Alcohol and the Bible: Conclusion
What is the Biblical teaching on the use of alcohol? That was the question we sought to answer in this inquiry. Based on the 247 references to wine and strong drink in the Bible, based on the life of Jesus, and in light of the common arguments that arise in a discussion on this topic, we find a simple (and, perhaps to some, surprising) answer. The Bible has several warnings against drunkenness, but only one caution against the responsible use of alcohol in celebration and with meals. That caution is to be careful, when you are in fellowship with Christians with a weaker conscience, that you don’t cause a brother to stumble. A total prohibition against the use of alcohol is conspicuous largely by its absence, particularly to an individual from a conservative Christian sub-culture.

Therefore do not let anyone judge you by what you eat or drink, or with regard to a religious festival, a New Moon celebration, or a Sabbath day.

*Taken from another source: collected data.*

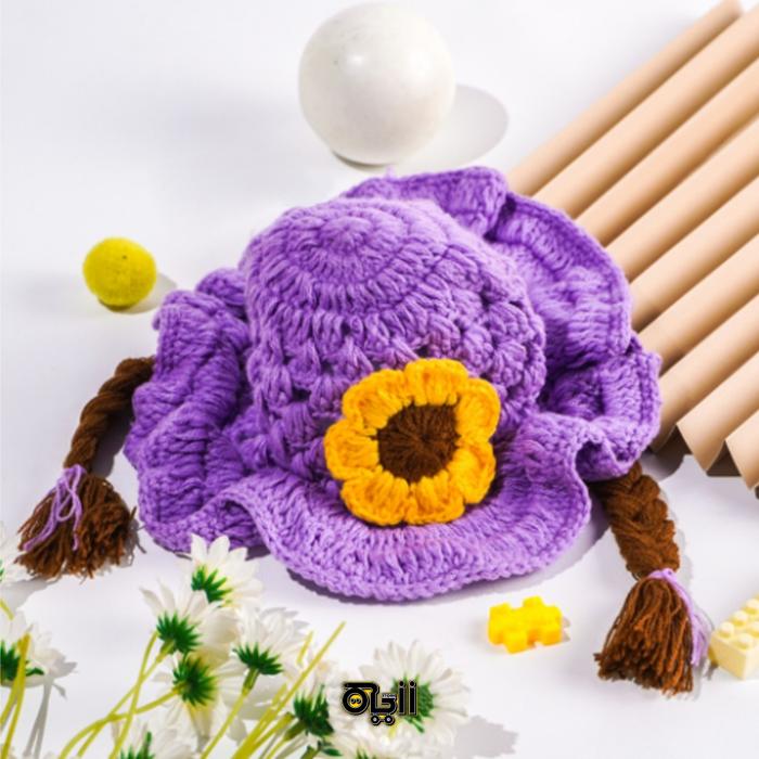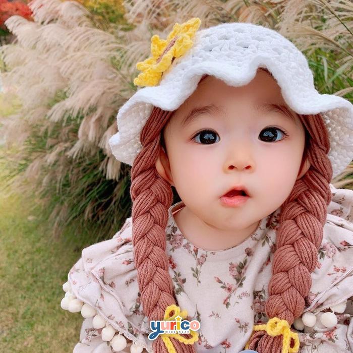 Topi Renda Rambut Kepang Anak Motif Bunga dan Vita - Putih
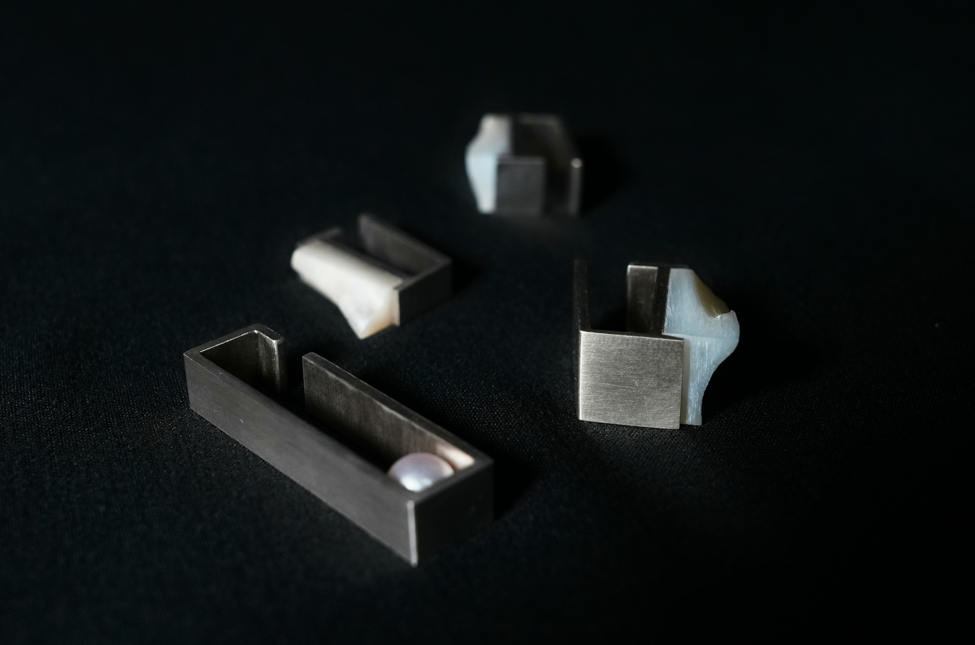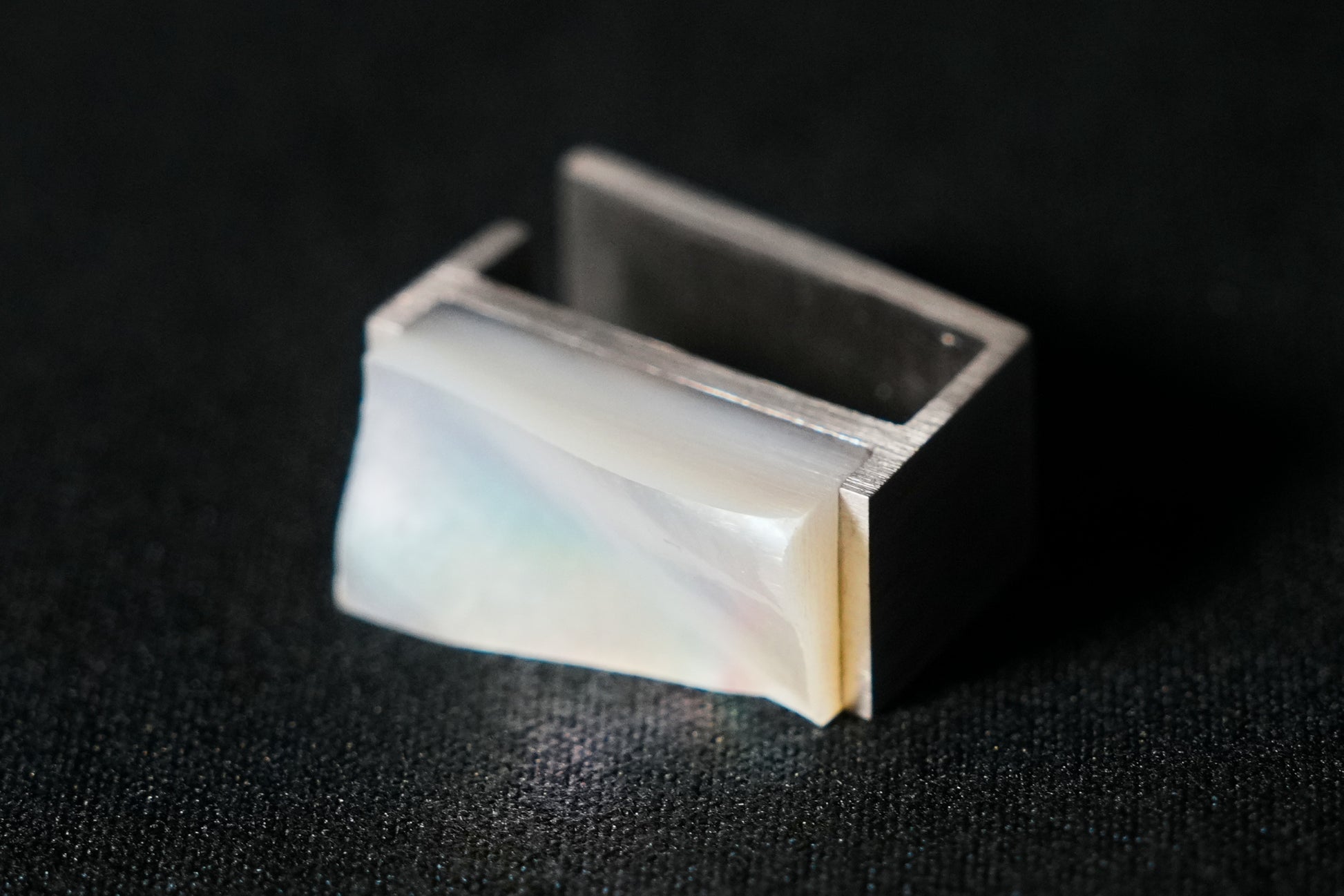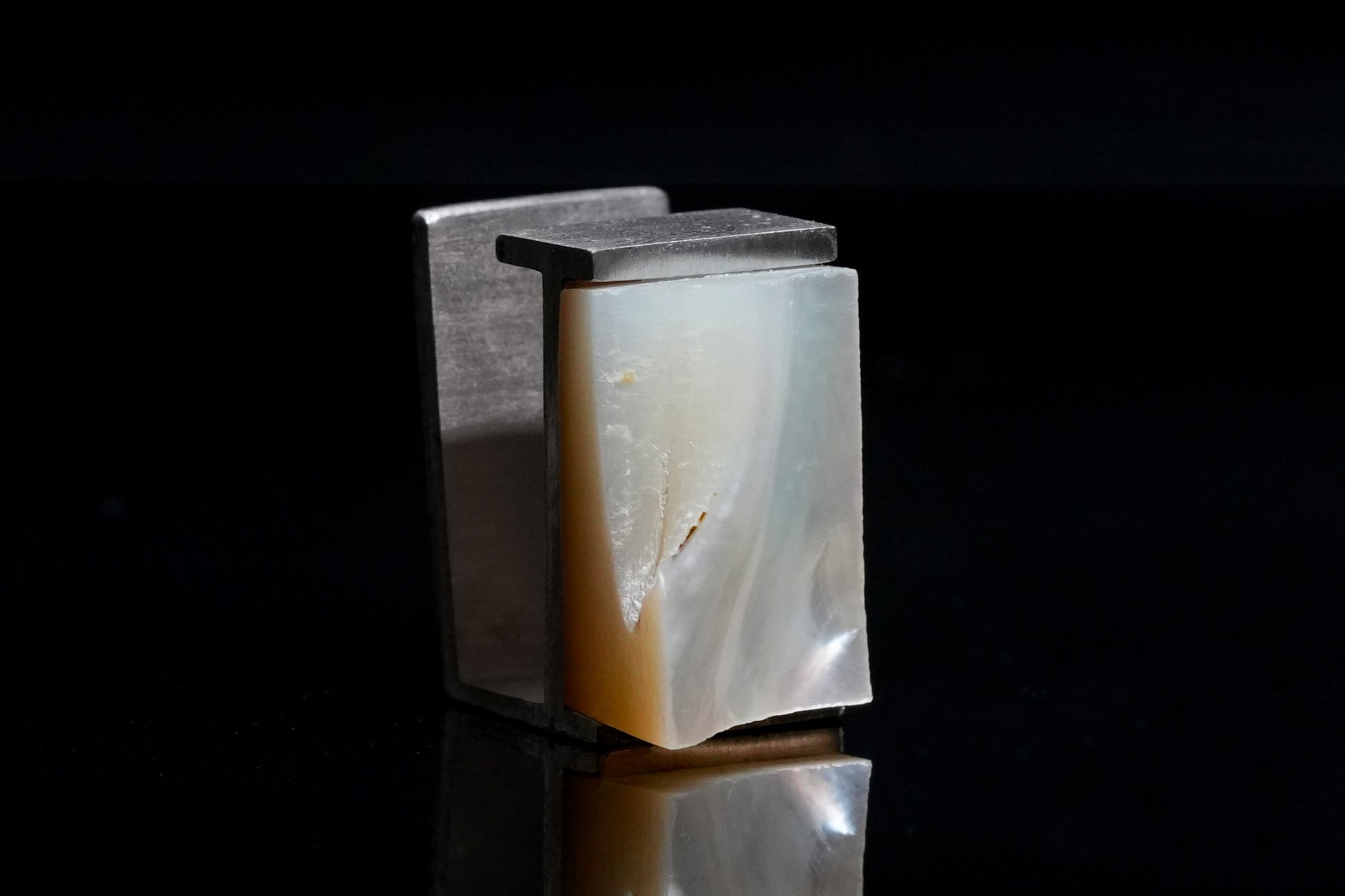 真珠母貝の自然なかたちをそのまま活かしたイヤーカフ。艶やかな表面が光を受けて、角度によって繊細にきらめきます。
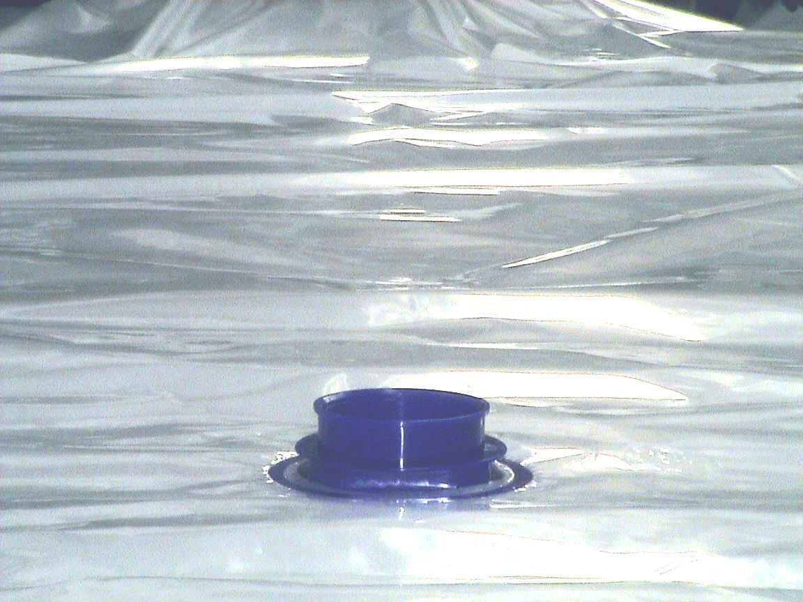 Bolsa para contenedor de 1,000 lt con boquillas de 3″ fabricada en polietileno de baja densidad.
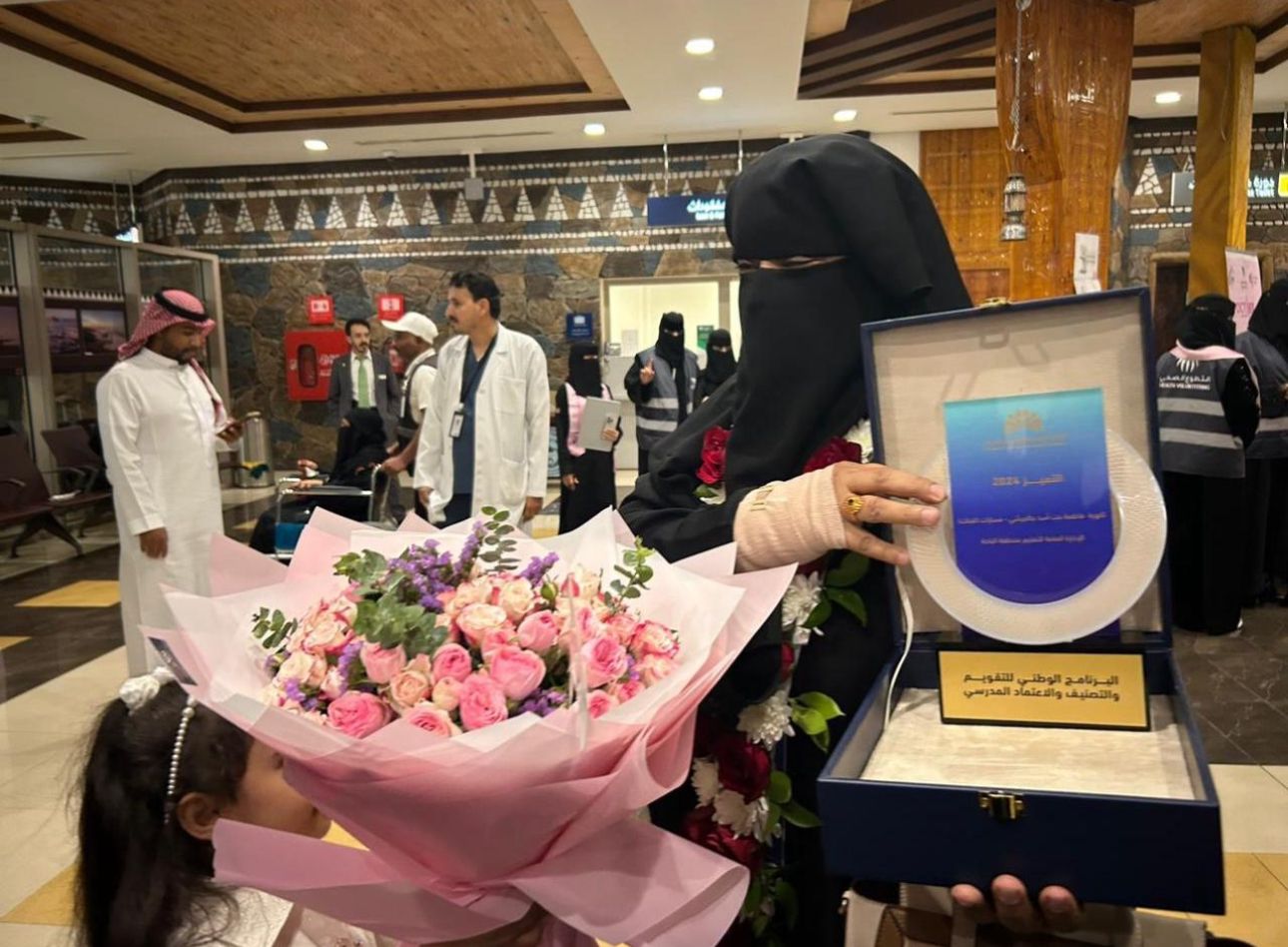 استقبلت المساعد للشؤون التعليمية بمنطقة الباحة، الأستاذة نوال الدرمحي، وعدد من قيادات الإدارة، اليوم بمطار الملك سعود بالباحة، الأستاذة مريم عبدالله محمد الغامدي، مديرة مدرسة فاطمة بنت أسد ببلجرشي، التي حققت جائزة التميز المدرسي على مستوى مدارس المملكة.

Colossians 2:16

PS Probably unsurprisingly the story is much the same in the Qur’an, the other famous Middle Eastern religious text.  While a number of things are expressly forbidden in the Qur’an this is not the case with wine.  Like the Jewish/Christian texts it merely contains warnings against drinking in excess.


1 thought on “Wine in the Christian/Jewish bible

  1. But the bible is not the sum-total of rules to be followed by a Christian. For instance, there are Catholic canon laws. I have no idea whether there is or is not a canon law about drinking etc, but my understanding is that if there was one, then it would need to be adhered to by a ‘true’ Catholic, irrespective of what was written on the topic in the bible. Thus, a more useful exercise would have been to have scrutinised the canon laws for any proclamation (or not) about drinking wine. However, the end result might very well have been the same. At least what this author did would allow someone to defend against: “but the canon laws have been ‘watered down’ over the centuries. The “true” word of God on the matter is in the bible and in it He says…”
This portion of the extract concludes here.